WHAT THE TASK ASKS
Wherever the records include pictures, skip them and transcribe all the rest word for word.

RECORDS SUPPLIED
---
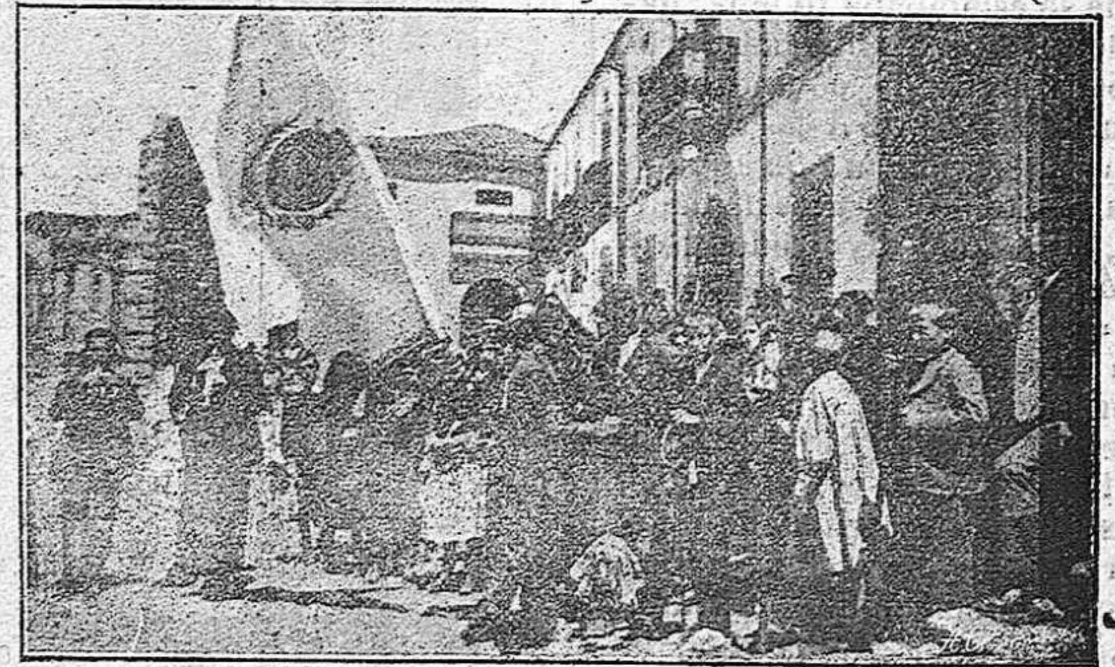
Revoloteo de banderas á la puerta de la Iglesia en la Plaza Mayor.

Creemos que los Ayuntamiento de dichos pueblos deben procurar para años sucesivos, esta atracción de forasteros, y con las empresas de automóviles establecidas, debe anunciar
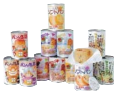
①アキモのパンの缶詰、 カンカンブレッド スペースブレッド® ②株式会社 ン・アキモ(栃木県)
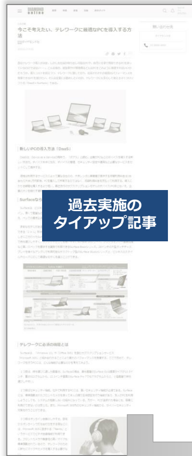
過去実施タイアップ記事

過去掲載したタイアップ記事をHTMLメールに転載して配信。 メールは会員属性を指定したターゲティングメールとして配信が可能です。期間限定の配信通数増量にてご提供します。
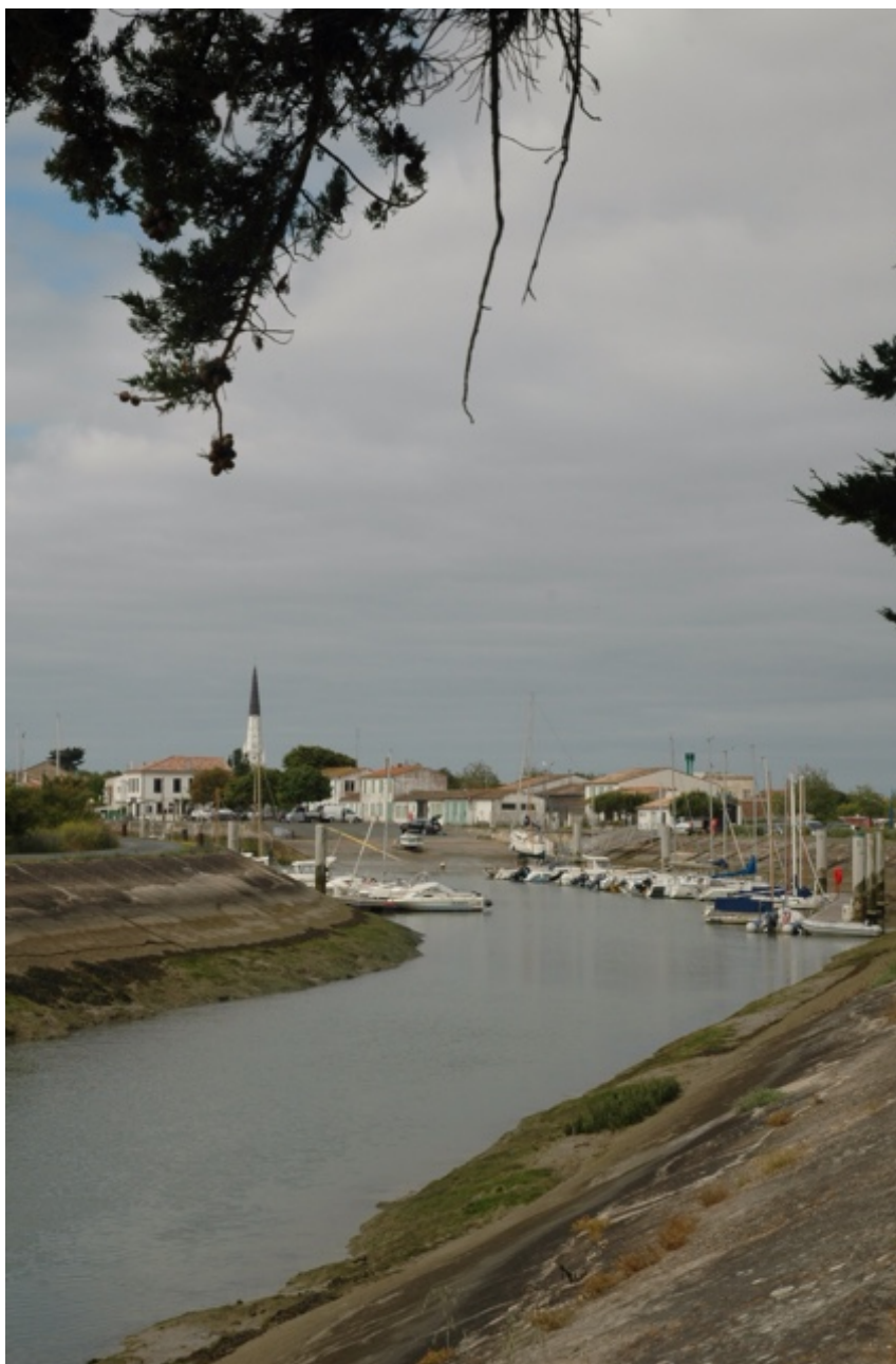
Ars en Ré

maar het kantoor geheel uitgestorven. Ik ben de trap naar boven opgelopen en trof daar een geblondeerde vijftigjarige dame aan met een verlopen uiterlijk, een alcoholstem en een sigaret in haar mondhoek. Ze kon onze buiskap maken voor vijftig euro maar dan moest ik hem wel om half vijf precies komen halen. Zo gezegd zo gedaan. Om drie voor half vijf was ik terug. Ze had de reparatie perfect uitgevoerd. Op mijn vraag over een nieuwe hoes rond het stuurwiel liep ze mee naar de aangrenzende winkel om het aan haar copine daar te vragen en vervolgens naar een andere neringdoende daar weer naast. Ze liet me achter. Toen ik het adres had gekregen van een zaak in het centrum van la Rochelle liep ik terug naar mijn vriendin. Ik schrok. Mijn fiets was verdwenen samen met de gerepareerde buiskap. Hij zou toch niet gestolen zijn? Dat viel mee, ze had hem binnen gezet.
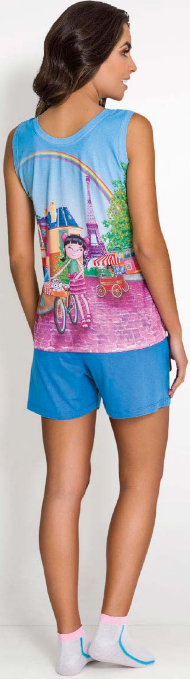
PIJAMA REGATA Ref. 10.01.0250 PP ao XG Blusa Poliéster / Short Algodão Cor: Única
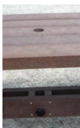
Trou parasol avec molette de maintien en option
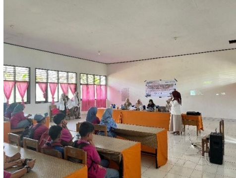
Gambar 1. Dokumentasi pembukaan kegiatan sosialisasi dan edukasi oleh mahasiswa PSPPA UHO

Setelah mendapat izin dari pihak sekolah maka kegiatan dilaksanakan. Pelaksanaan kegiatan pengabdian dimulai dengan moderator membuka kegiatan dengan menjelaskan tujuan mereka kepada siswa(i) SMK Negeri 5 Kendari dilanjutkan dengan sesi tanya jawab sebagai bentuk pre-test untuk melihat pengetahuan awal siswa(i) terkait kosmetik yang baik dan aman itu seperti apa.
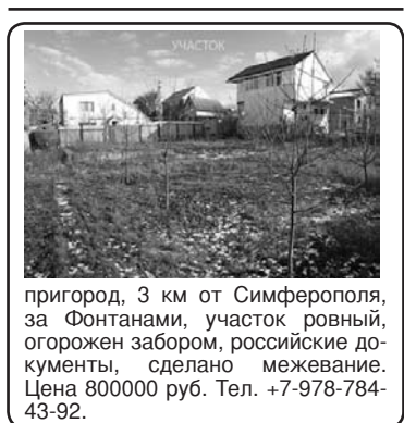
пригород, 3 км от Симферополя, за Фонтанами, участок ровный, огорожен забором, российские документы, сделано межевание. Цена 800000 руб. Тел. +7-978-784-43-92.

ПРИГОРОД (5 км от города в сторону Николаевки, за Дубками), участок 10 соток. Первая линия, хороший подъезд, эл-во, вода подведены. Без посредников. Цена 800 тыс. руб. Тел. +7-978-809-80-79.
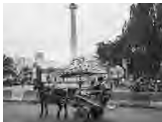
Национальный памятник «Монас» на площади Мердека в Джакарте.

Согласно экспертизам, создан гобелен на территории современной Бельгии. Его реставрация заняла полтора года. Специалистам удалось «оживить» краски потускневшей со временем картины.
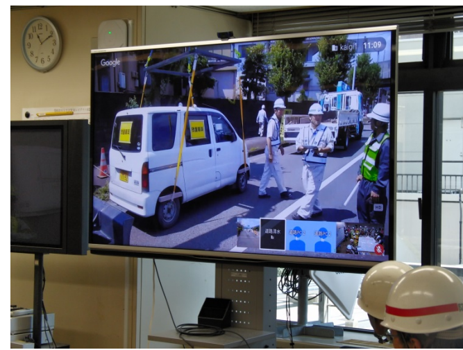
道路啓開実施状況の映像を確認
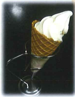
C-8. 小岩井農場の ソフトクリーム 会員520円(一般550円) ※普通サイズ
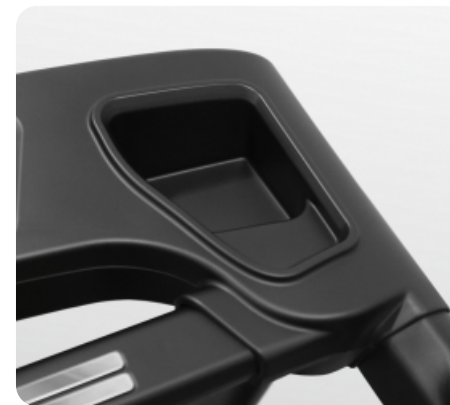
Подставка под бутылочку с водой
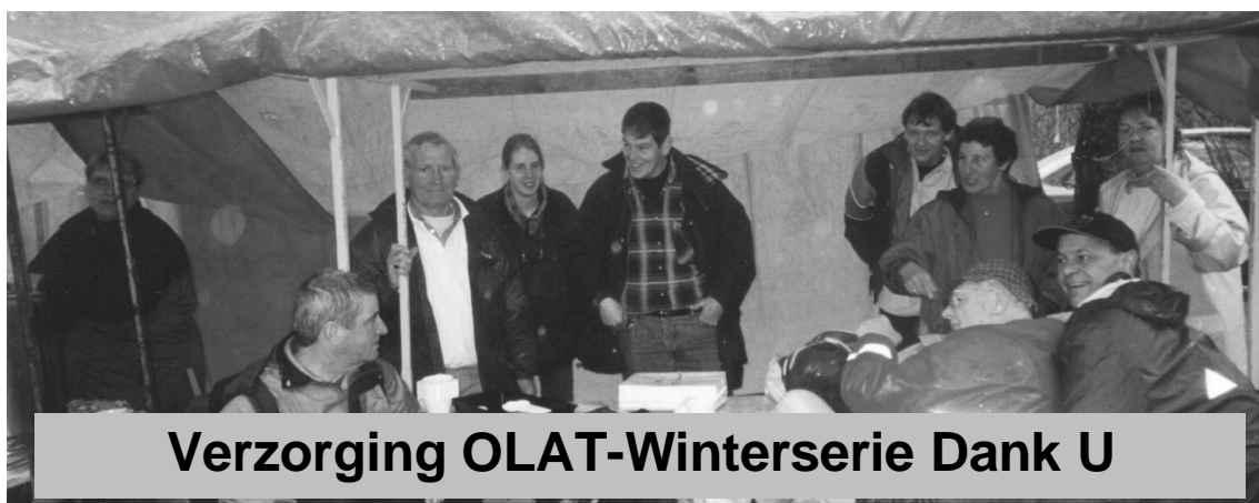
Verzorging OLAT-Winterserie Dank U

DRUKWERK Indien onbestelbaar Lupinelaan 27 5691 WC Son
---
OUTPUT OF THE EXERCISE
Revoloteo de banderas á la puerta de la Iglesia en la Plaza Mayor.

Creemos que los Ayuntamiento de dichos pueblos deben procurar para años sucesivos, esta atracción de forasteros, y con las empresas de automóviles establecidas, debe anunciar
①アキモのパンの缶詰、 カンカンブレッド スペースブレッド® ②株式会社 ン・アキモ(栃木県)
過去実施タイアップ記事

過去掲載したタイアップ記事をHTMLメールに転載して配信。 メールは会員属性を指定したターゲティングメールとして配信が可能です。期間限定の配信通数増量にてご提供します。
Ars en Ré

maar het kantoor geheel uitgestorven. Ik ben de trap naar boven opgelopen en trof daar een geblondeerde vijftigjarige dame aan met een verlopen uiterlijk, een alcoholstem en een sigaret in haar mondhoek. Ze kon onze buiskap maken voor vijftig euro maar dan moest ik hem wel om half vijf precies komen halen. Zo gezegd zo gedaan. Om drie voor half vijf was ik terug. Ze had de reparatie perfect uitgevoerd. Op mijn vraag over een nieuwe hoes rond het stuurwiel liep ze mee naar de aangrenzende winkel om het aan haar copine daar te vragen en vervolgens naar een andere neringdoende daar weer naast. Ze liet me achter. Toen ik het adres had gekregen van een zaak in het centrum van la Rochelle liep ik terug naar mijn vriendin. Ik schrok. Mijn fiets was verdwenen samen met de gerepareerde buiskap. Hij zou toch niet gestolen zijn? Dat viel mee, ze had hem binnen gezet.
PIJAMA REGATA Ref. 10.01.0250 PP ao XG Blusa Poliéster / Short Algodão Cor: Única
Trou parasol avec molette de maintien en option
Gambar 1. Dokumentasi pembukaan kegiatan sosialisasi dan edukasi oleh mahasiswa PSPPA UHO

Setelah mendapat izin dari pihak sekolah maka kegiatan dilaksanakan. Pelaksanaan kegiatan pengabdian dimulai dengan moderator membuka kegiatan dengan menjelaskan tujuan mereka kepada siswa(i) SMK Negeri 5 Kendari dilanjutkan dengan sesi tanya jawab sebagai bentuk pre-test untuk melihat pengetahuan awal siswa(i) terkait kosmetik yang baik dan aman itu seperti apa.
пригород, 3 км от Симферополя, за Фонтанами, участок ровный, огорожен забором, российские документы, сделано межевание. Цена 800000 руб. Тел. +7-978-784-43-92.

ПРИГОРОД (5 км от города в сторону Николаевки, за Дубками), участок 10 соток. Первая линия, хороший подъезд, эл-во, вода подведены. Без посредников. Цена 800 тыс. руб. Тел. +7-978-809-80-79.
Национальный памятник «Монас» на площади Мердека в Джакарте.

Согласно экспертизам, создан гобелен на территории современной Бельгии. Его реставрация заняла полтора года. Специалистам удалось «оживить» краски потускневшей со временем картины.
道路啓開実施状況の映像を確認
C-8. 小岩井農場の ソフトクリーム 会員520円(一般550円) ※普通サイズ
Подставка под бутылочку с водой
Verzorging OLAT-Winterserie Dank U

DRUKWERK Indien onbestelbaar Lupinelaan 27 5691 WC Son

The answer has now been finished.